Excert Section: Chapter 2

Theoretical Considerations for Data Mining


In Chapter 1, we explored the historical background of statistical analysis and data mining. Statistical analysis is a relatively old discipline (particularly if you consider its origins in China). But data mining is a relatively new field, which developed during the 1990s and coalesced into a field of its own during the early years of the twenty-first century. It represents a confluence of several well-established fields of interest:

* Traditional statistical analysis

* Artificial intelligence

* Machine learning

* Development of large databases

Traditional statistical analysis follows

the deductive method in the search for relationships in data sets. Artificial intelligence (e.g., expert systems) and machine learning techniques (e.g., neural nets and decision trees) follow the inductive method to find faint patterns of relationship in data sets. Deduction (or deductive reasoning) is the Aristotelian process of analyzing detailed data, calculating a number of metrics, and forming some conclusions based (or deduced) solely on the mathematics of those metrics.

Induction is the more Platonic process of using information in a data set as a "springboard" to make general conclusions, which are not wholly contained directly in the input data. The scientific method follows the inductive approach but has strong Aristotelian elements in the preliminary steps.


The scientific method is as follows:

  1. Define the problem.

  2. Gather existing information about a phenomenon.

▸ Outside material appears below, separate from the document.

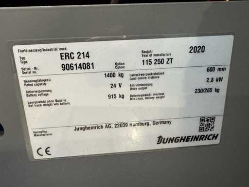 Servizio 2020 12/2026 Jungheinrich ERC214 EVO 1.400kg Piattaforma Impilatore Scalpedisti Ant 1.734 ore

  3. Form one or more hypotheses.

  4. Collect new experimental data.

  5. Analyze the information in the new data set.

  6. Interpret results.

  7. Synthesize conclusions, based on the old data, new data, and intuition.

  8. Form new hypotheses for further testing.

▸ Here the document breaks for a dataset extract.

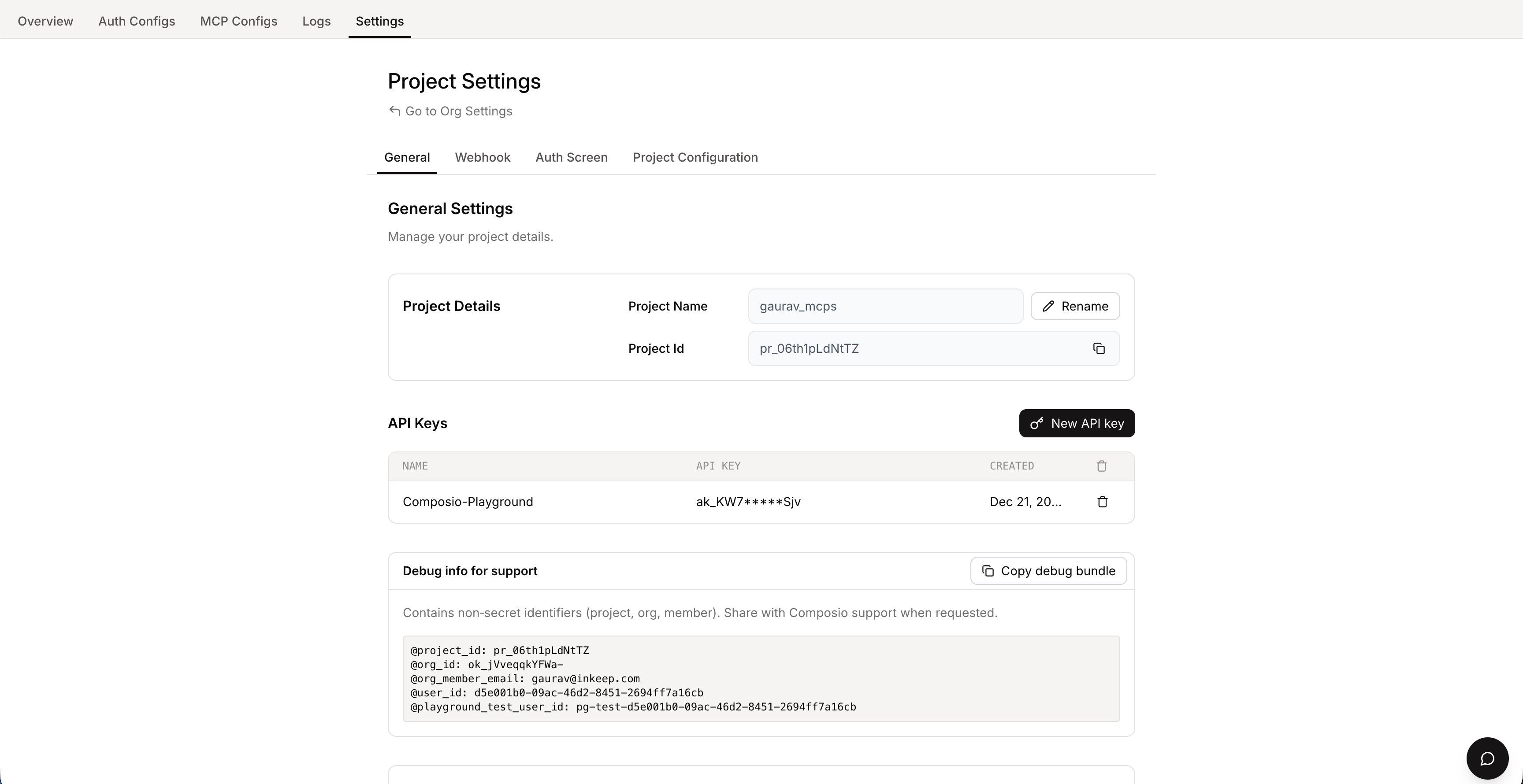 Copy your Composio API key from the Settings tab.

  9. Do it again (iteration).

    Steps 1-5 involve deduction, and steps 6-9 involve induction. Even though the scientific method is based strongly on deductive reasoning, the final products arise through inductive reasoning. Data mining is a lot like that.

    In fact, machine learning algorithms used in data mining are designed to mimic the process that occurs in the mind of the scientist. Data mining uses mathematics, but the results are not mathematically determined. This statement may sound somewhat contradictory until you view it in terms of the human brain.

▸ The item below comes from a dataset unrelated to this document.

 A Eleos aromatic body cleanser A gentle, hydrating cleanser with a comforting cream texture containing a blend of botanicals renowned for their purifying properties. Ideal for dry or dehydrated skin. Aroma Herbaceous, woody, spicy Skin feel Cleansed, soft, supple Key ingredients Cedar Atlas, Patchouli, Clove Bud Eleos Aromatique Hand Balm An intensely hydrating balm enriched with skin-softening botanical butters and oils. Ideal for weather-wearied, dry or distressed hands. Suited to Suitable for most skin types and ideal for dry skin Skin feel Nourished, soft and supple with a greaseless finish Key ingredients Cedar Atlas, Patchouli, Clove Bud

    You can describe many of the processes in the human conceptual pathway with various mathematical relationships, but the result of being human goes far beyond the mathematical descriptions of these processes. Women's intuition, mother's wisdom regarding their offspring, and "gut" level feelings about who should win the next election are all intuitive models of reality created by the human brain. They are based largely on empirical data, but the mind extrapolates beyond the data to form the conclusions following a purely inductive reasoning process.


    Data mining can be defined in several ways, which differ primarily in their focus on different aspects of data mining. One of the earliest definitions is

    The non-trivial extraction of implicit, previously unknown, and potentially useful information from data (Frawley et al., 1991).

    As data mining developed as a professional activity, it was necessary to distinguish it from the previous activity of statistical modeling and the broader activity of knowledge discovery.

    For the purposes of this handbook, we will use the following working definitions:

    * Statistical modeling: The use of parametric statistical algorithms to group or predict an outcome or event, based on predictor variables.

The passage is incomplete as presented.